▸ **Required action**
Please go line by line and repeat the data below exactly, with no images.

▸ **Collected data**
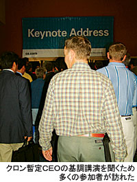 米CAが今後も安定したビジネスを展開していこうという意気込みは、開幕直後のクロン暫定CEOによる基調講演でも鮮明だ。クロン暫定CEOは、「会計処理の問題や経営陣の入れ替えなど厳しい局面を迎えたのは事実」と冷静に述べながらも、「しかし、当社は人材をはじめ技術、製品などの面で強い力をもっている」と言明。新しい経営陣のもと、今後も新しい製品やソリューションを提供していくとして、「caworld2004」の開催は「新しい幕開けでもある」と公言した。
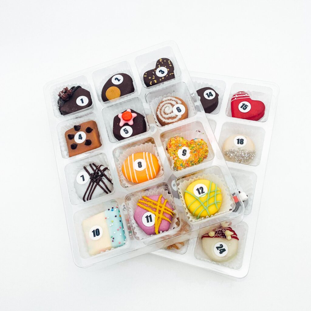 We love what Daisy Pops does each year with these Candy Tackle boxes. These bite sized cakes fit perfectly in the candy box sets and the Kraft Slip Cover and metallic stretch loops give these advent calendars an upscale finished look. Candy Tackle Boxes come in a variety of quantity options– Daisy Pops used 2 of our 12 cavity boxes for 24 cake bites!
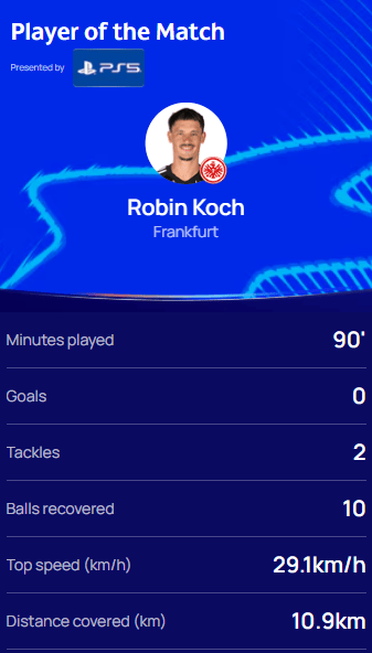 赛后,他也被欧足联技术小组评选为本场比赛的全场最佳球员。

▸ **Solution to this task**
 米CAが今後も安定したビジネスを展開していこうという意気込みは、開幕直後のクロン暫定CEOによる基調講演でも鮮明だ。クロン暫定CEOは、「会計処理の問題や経営陣の入れ替えなど厳しい局面を迎えたのは事実」と冷静に述べながらも、「しかし、当社は人材をはじめ技術、製品などの面で強い力をもっている」と言明。新しい経営陣のもと、今後も新しい製品やソリューションを提供していくとして、「caworld2004」の開催は「新しい幕開けでもある」と公言した。
 We love what Daisy Pops does each year with these Candy Tackle boxes. These bite sized cakes fit perfectly in the candy box sets and the Kraft Slip Cover and metallic stretch loops give these advent calendars an upscale finished look. Candy Tackle Boxes come in a variety of quantity options– Daisy Pops used 2 of our 12 cavity boxes for 24 cake bites!
 赛后,他也被欧足联技术小组评选为本场比赛的全场最佳球员。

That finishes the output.